Department of Pathology, The University of Texas MD Anderson Cancer Center, Houston, TX.
Department of Pathology, Brigham and Women's Hospital and Harvard Medical School, Boston, MA.
JCO Precis Oncol. 2024 Oct;8:e2400353. doi: 10.1200/PO.24.00353. Epub 2024 Oct 11.
The proven efficacy of human epidermal growth factor receptor 2 (HER2) antibody-drug conjugate therapy for treating HER2-low breast cancers necessitates more accurate and reproducible HER2 immunohistochemistry (IHC) scoring. We aimed to validate performance and utility of a fully automated artificial intelligence (AI) solution for interpreting HER2 IHC in breast carcinoma.

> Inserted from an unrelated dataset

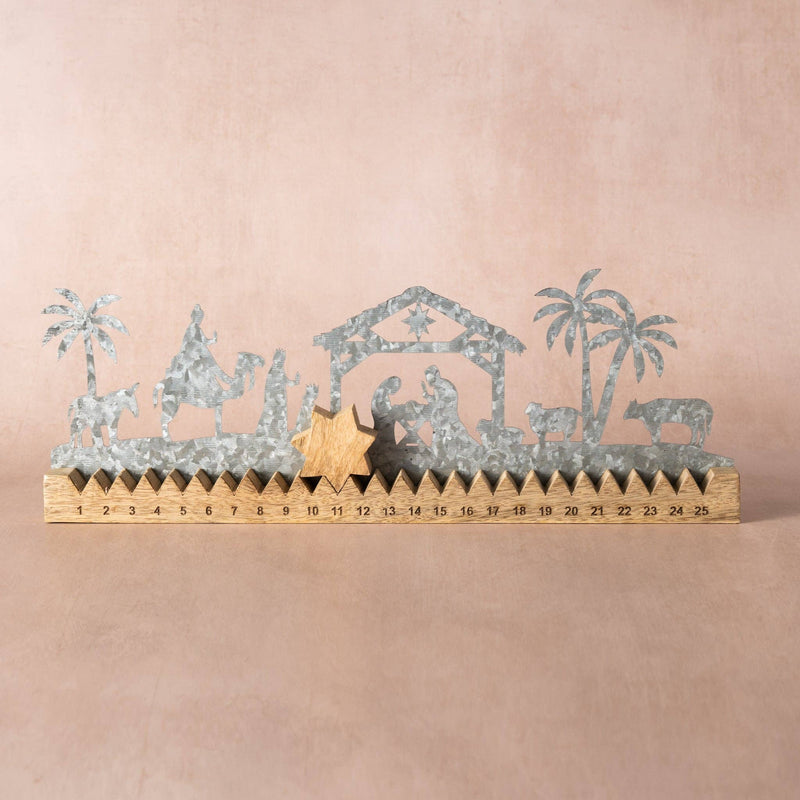 Celebrate the season with this beautifully designed Advent calendar. A mango wood base features numbers 1–25 and a movable star to mark each day. A galvanized metal nativity scene rises in silhouette behind the countdown, blending rustic charm with spiritual tradition. The contrast of natural wood and cool metal gives this piece a timeless look that suits any mantel or tabletop display. A thoughtful gift or heirloom in the

A two-arm multireader study of 120 HER2 IHC whole-slide images from four sites assessed HER2 scoring by four surgical pathologists without and with the aid of an AI HER2 solution. Both arms were compared with high-confidence ground truth (GT) established by agreement of at least four of five breast pathology subspecialists according to ASCO/College of American Pathologists (CAP) 2018/2023 guidelines.
The mean interobserver agreement among GT pathologists across all HER2 scores was 72.4% (N = 120). The AI solution demonstrated high accuracy for HER2 scoring, with 92.1% agreement on slides with high confidence GT (n = 92). The use of the AI tool led to improved performance by readers, interobserver agreement increased from 75.0% for digital manual read to 83.7% for AI-assisted review, and scoring accuracy improved from 85.3% to 88.0%. For the distinction of HER2 0 from 1+ cases (n = 58), pathologists supported by AI showed significantly higher interobserver agreement (69.8% without AI 87.4% with AI) and accuracy (81.9% without AI 88.8% with AI).
This study demonstrated utility of a fully automated AI solution to aid in scoring HER2 IHC accurately according to ASCO/CAP 2018/2023 guidelines. Pathologists supported by AI showed improvements in HER2 IHC scoring consistency and accuracy, especially for distinguishing HER2 0 from 1+ cases. This AI solution could be used by pathologists as a decision support tool for enhancing reproducibility and consistency of HER2 scoring and particularly for identifying HER2-low breast cancers.
人表皮生长因子受体 2(HER2)抗体-药物偶联物治疗 HER2 低乳腺癌的疗效已得到证实,这就需要更准确和可重复的 HER2 免疫组化(IHC)评分。本研究旨在验证一种完全自动化的人工智能(AI)解决方案用于解读乳腺癌 HER2 IHC 的性能和实用性。
在来自四个地点的 120 张 HER2 IHC 全切片图像的两项研究中,四名外科病理学家分别在没有和有 AI HER2 解决方案的情况下评估 HER2 评分。这两个臂与至少四名乳腺病理亚专科医师根据 ASCO/美国病理学家学院(CAP)2018/2023 指南达成共识的高可信度金标准(GT)进行比较。
所有 HER2 评分中 GT 病理学家的平均观察者间一致性为 72.4%(n=120)。AI 解决方案在 HER2 评分方面具有很高的准确性,在高可信度 GT(n=92)的切片上有 92.1%的一致性。使用 AI 工具可提高读者的性能,观察者间的一致性从数字手动阅读的 75.0%增加到 AI 辅助审查的 83.7%,评分准确性从 85.3%提高到 88.0%。对于区分 HER2 0 与 1+病例(n=58),AI 支持的病理学家的观察者间一致性(无 AI 时为 69.8%,有 AI 时为 87.4%)和准确性(无 AI 时为 81.9%,有 AI 时为 88.8%)显著更高。
本研究证明了一种完全自动化的 AI 解决方案的实用性,可根据 ASCO/CAP 2018/2023 指南准确辅助 HER2 IHC 评分。AI 支持的病理学家在 HER2 IHC 评分的一致性和准确性方面都有所提高,特别是在区分 HER2 0 与 1+病例方面。该 AI 解决方案可由病理学家用作决策支持工具,以提高 HER2 评分的可重复性和一致性,特别是用于识别 HER2 低乳腺癌。